• RECORDS SUPPLIED:
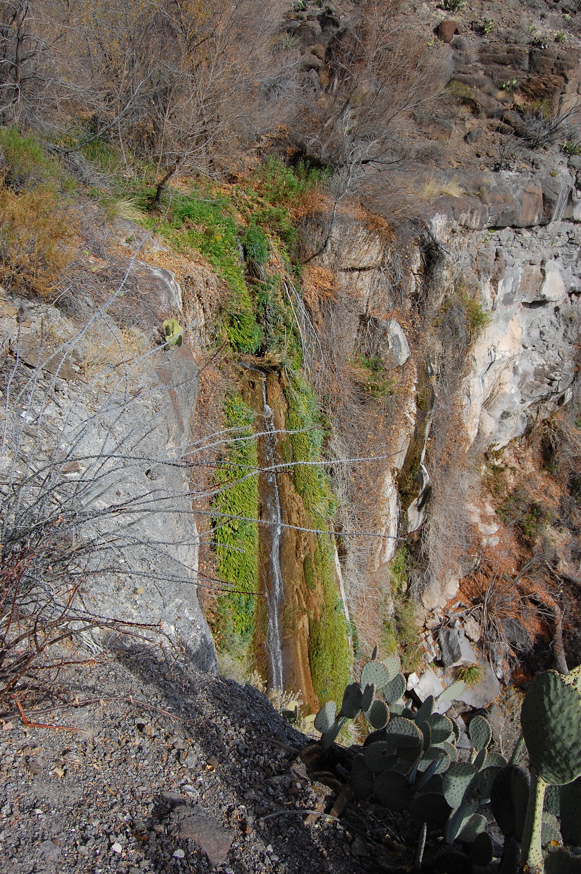 Madrid Falls, the 2nd tallest waterfall in Texas. Located in Big Bend Ranch State Park. Latitude: 29.379791000° Longitute: -103.884208000°
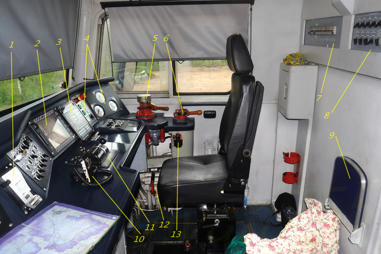 Cab of russian diesel loco 2TE116U. 1 — CLUB-U registration unit, 2 — MSU-TP display, 3 — CLUB-U indication block, 4 — brake gauges, 5 — 395 train brake valve, 6 — 254 locomotive brake valve, 7 — short-circuit breakers, 8 — traction motors cut-out, 9 — instructor seat, 10 — radio microphone, 11 — controller, 12 — 367 brake valves cut-out, 13 — vigilance button.
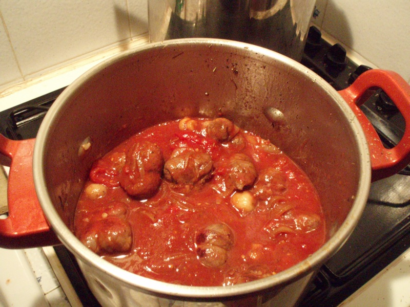 "Lark without head"
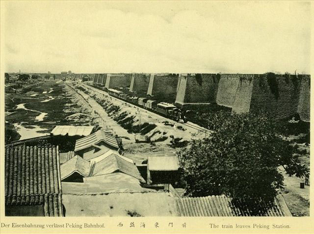 old photo from China 1900-1903, see the file's name for detail.
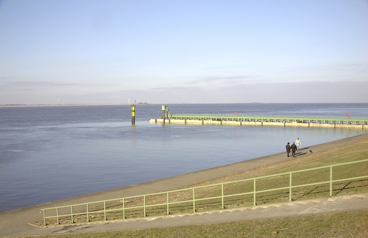 Estuary mouth Weser near Bremerhaven, Germany
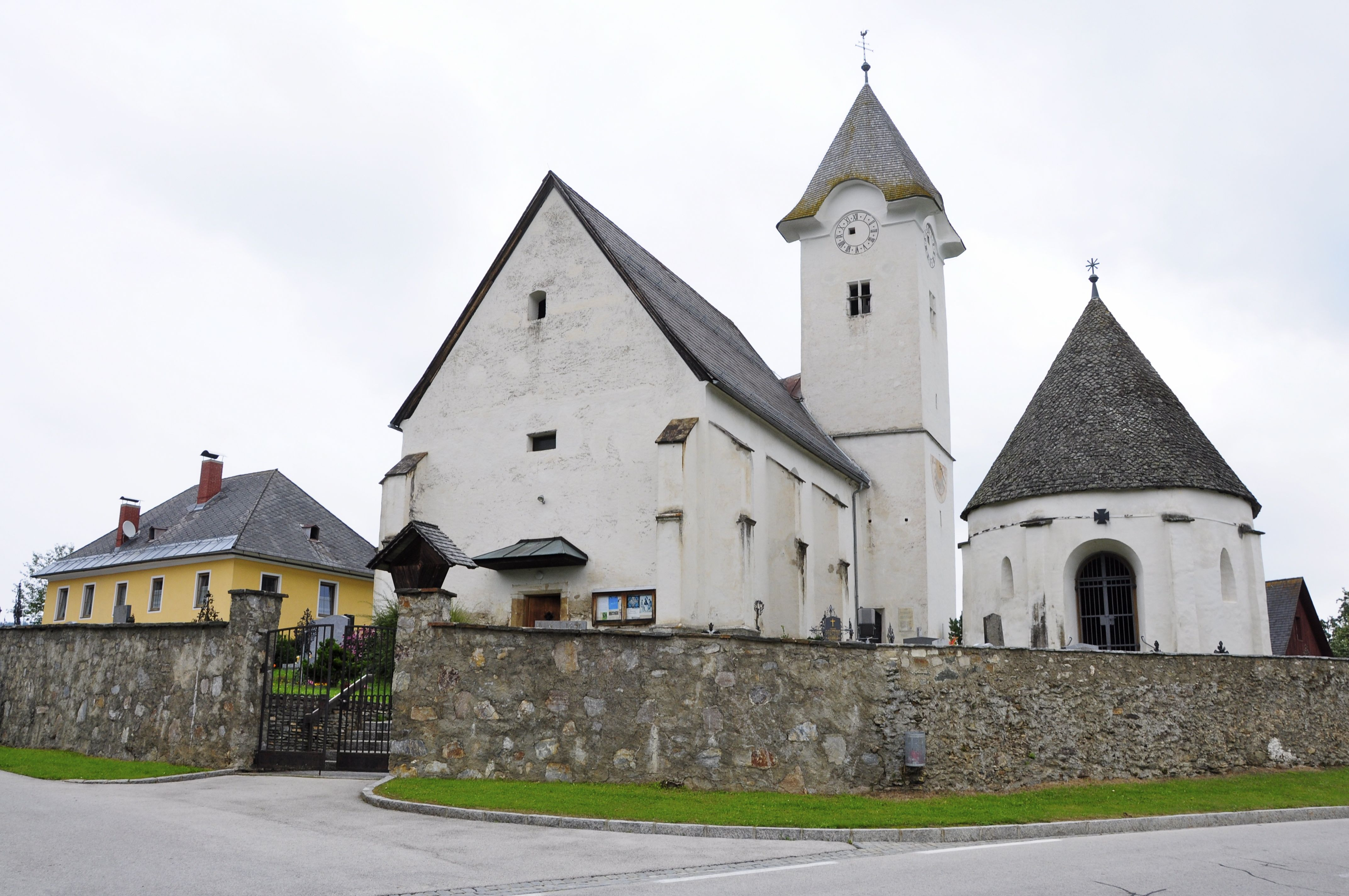 Parish church Saint Lambert and charnel house in Pisweg, market town Gurk, district Sankt Veit, Carinthia, Austria, EU

• DESCRIPTION OF THE TASK: Only the lines from the one containing "old photo from" through the final line of the records should be retyped, exactly, with every picture omitted.

• EXERCISE ANSWER:
 old photo from China 1900-1903, see the file's name for detail.
 Estuary mouth Weser near Bremerhaven, Germany
 Parish church Saint Lambert and charnel house in Pisweg, market town Gurk, district Sankt Veit, Carinthia, Austria, EU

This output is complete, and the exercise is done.